Tentu saja, Akina. Aku harus tampak mengagumkan dan berpengetahuan di hadapanmu. Dengan begitu, kamu baru akan memperhatikan aku, bukan?
Para pembaca sekalian pasti bertanya-tanya di mana dan bagaimana aku bertemu Akina, bagaimana perawakan Akina, atau ciri khas yang mungkin dia miliki. Dialog di atas terlalu tiba-tiba untuk pembukaan cerita sehingga menuduhku hanya seorang penulis amatir yang picisan yang setiap hari hanya bisa melamun.
Pelan-pelan dong! Lagian tidak ada salahnya juga melamun. Melamunnya seorang penulis berbeda dengan melamunnya orang biasa sama halnya tak dapat kalian samakan dengan melamunnya ilmuwan. Einstein juga hobinya melamun, dan dalam sebuah lamunannya, ia tak mempercayai adanya gravitasi. Fisika menyaratkan ada aksi, ada reaksi. Benda bergerak karena ada gaya dorong, bukan gaya tarik. Jika ada gaya tarik, maka harus ada exit door energi pada suatu tempat. Pada itu, Einstein berpendapat, gaya tarik itu tidak ada. Alam semesta (ruang dan waktu) ini melengkung sehingga planet-planet mengeliling matahari, sama sekali bukan karena gaya tarik matahari.

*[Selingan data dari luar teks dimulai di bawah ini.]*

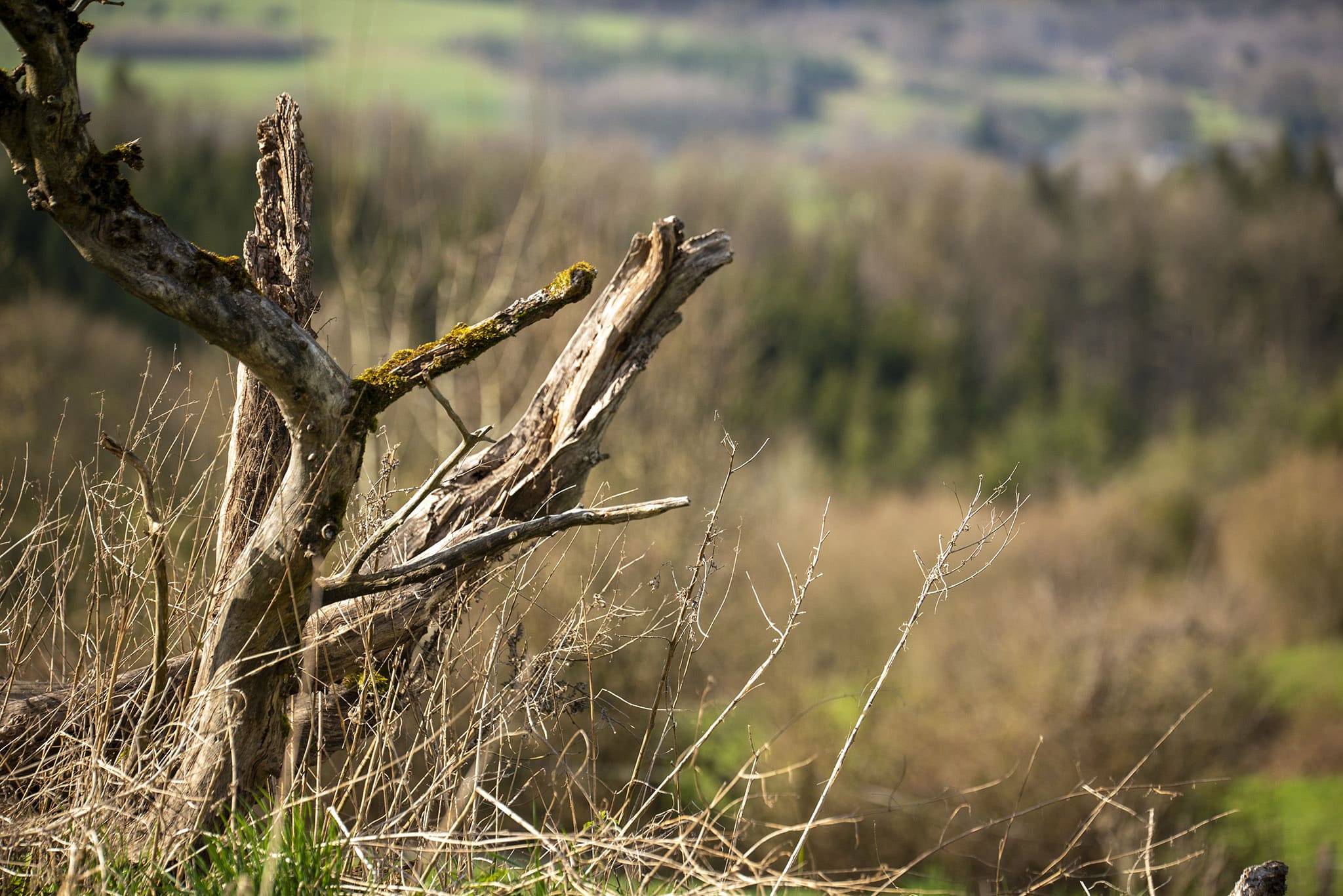 Peu après la longue ascension qui nous porte vers Malempré, là où les conifères recouvraient les sommets de la colline, une grande coupe à blanc dévoile un paysage qui pourrait ressembler à ces anciennes landes de bruyères du XIXe siècle. La clarté tombe vite, sans crier gare. Le pâle soleil trace de longs rayons sur les prés le long de la route menant à Vaux-Chavane. La belle lumière du soir fait rougeoyer les murs de schiste des maisons où à l’intérieur, les habitants s’emmitouflent pour une nuit qui s’annonce froide… Le printemps se fera encore attendre un peu.

Akina juga mungkin sebenarnya tidak memiliki gaya tarik. Akulah yang terkena gaya dorong sesuatu bernama hasrat ketika kudengar suaranya yang nyaring, aku malah membayangkan bagaimana caranya dia mendesah. Matanya tentu sipit, giginya tak rata, pipinya juga bulat dan kalau ia merasa malu atau kepanasan, pipi itu akan bersemu merah. Keterbatasan bahasa membuat dia sering melongo bila ia menemukan kalimat yang tak ia mengerti dari anak-anak yang mengerumuninya. Akina tampak disukai anak-anak, dan tentu saja sebagian besar anak lelaki. Aku yakin anak-anak lelaki itu sudah nonton film dewasa Jepang.

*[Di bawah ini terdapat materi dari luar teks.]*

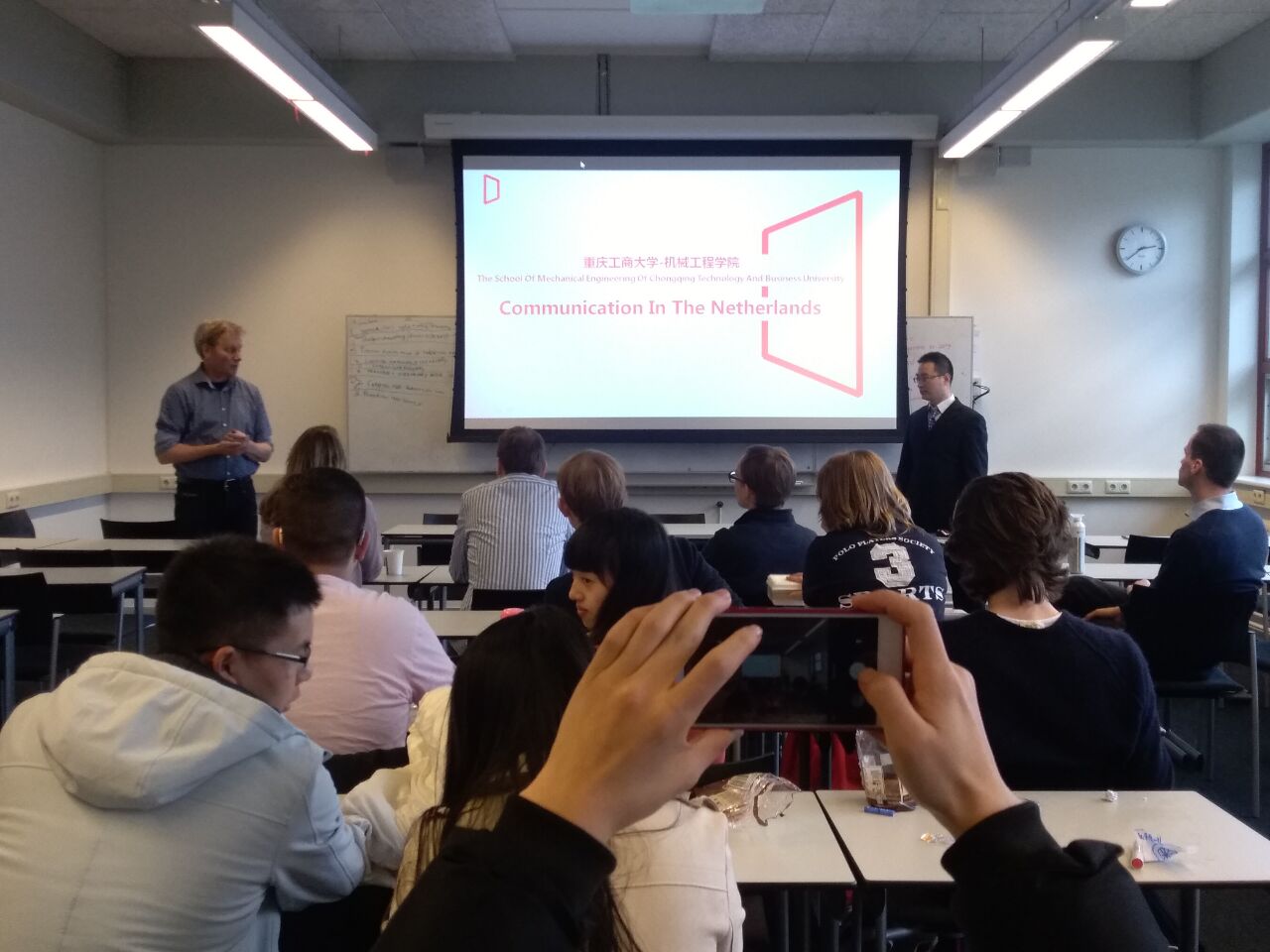 其次,本次荷兰交流项目的带队老师李永亮就本次项目的概况进行了汇报。本次项目太阳集团tyc33455cc共派专业课教师1名、包含三个年级四个专业的员工10名于2018年1月27号至2月10号赴荷兰上艾瑟尔省兹沃勒市的文德斯汉姆应用技术大学,参加为期两周的专业交流项目,取得了圆满成功。本次项目是根据2017年2月太阳集团tyc33455cc与文德斯汉姆大学签订的长期交流合作协议,双方师生围绕“第八届全国老员工机械创新设计大赛”的选题展开的专业项目交流,通过前期双方的协作,今年五月份,荷兰文德斯汉姆大学将派出6位机械专业员工与公司10名员工共同组成参赛团队,参加第八届全国老员工机械创新设计大赛重庆赛区的比赛。

Kami bertemu dalam sebuah program residensi penulis-penulis ASEAN. Jepang tentu saja bukan ASEAN. Jepang hanyalah negara yang pernah menjajah beberapa negara di kasawan Asia Tenggara dan mungkin karena merasa bersalah, mereka rajin berkomunikasi dengan mereka. Termasuk dalam acara ini, Jepang menjadi salah satu sponsor. Dan Akina, seorang editor dan penulis buku-buku literatur pelajaran Bahasa Inggris, mewakili mereka.
Sejujurnya, hampir sebagian hariku di rumah residensi kuhabiskan dengan memperhatikan Akina. Dalam sebuah sesi diskusi tentang keberagaman dan marjinalitas, aku bertanya pada Akina, "Kamu membaca IQ84? Aku penasaran dengan maksud orang kecil dan fenomena aliran kepercayaan yang dipeluk sebagian masyarakat Jepang, yang entah kenapa ditulis Murakami: mereka berprofesi sebagai petani? Selain mim dengan Orwell, 1984, yang kupikir sebuah propaganda anti komunisme, apakah kelas-kelas pekerja di Jepang juga telah menjadi sebuah struktur manusia?"
"Saya belum membaca novel itu sih, tapi bagaimana ya aku menjelaskannya..."
Akina mulai mengucapkan beberapa hal. Tentu saja aku tidak peduli pada apa yang dia katakan. Aku hanya ingin mendengar suaranya, memperhatikan setiap ekspresi yang keluar dari wajahnya. Aku suka dia bermimik muka serius menanggapi pertanyaanku itu.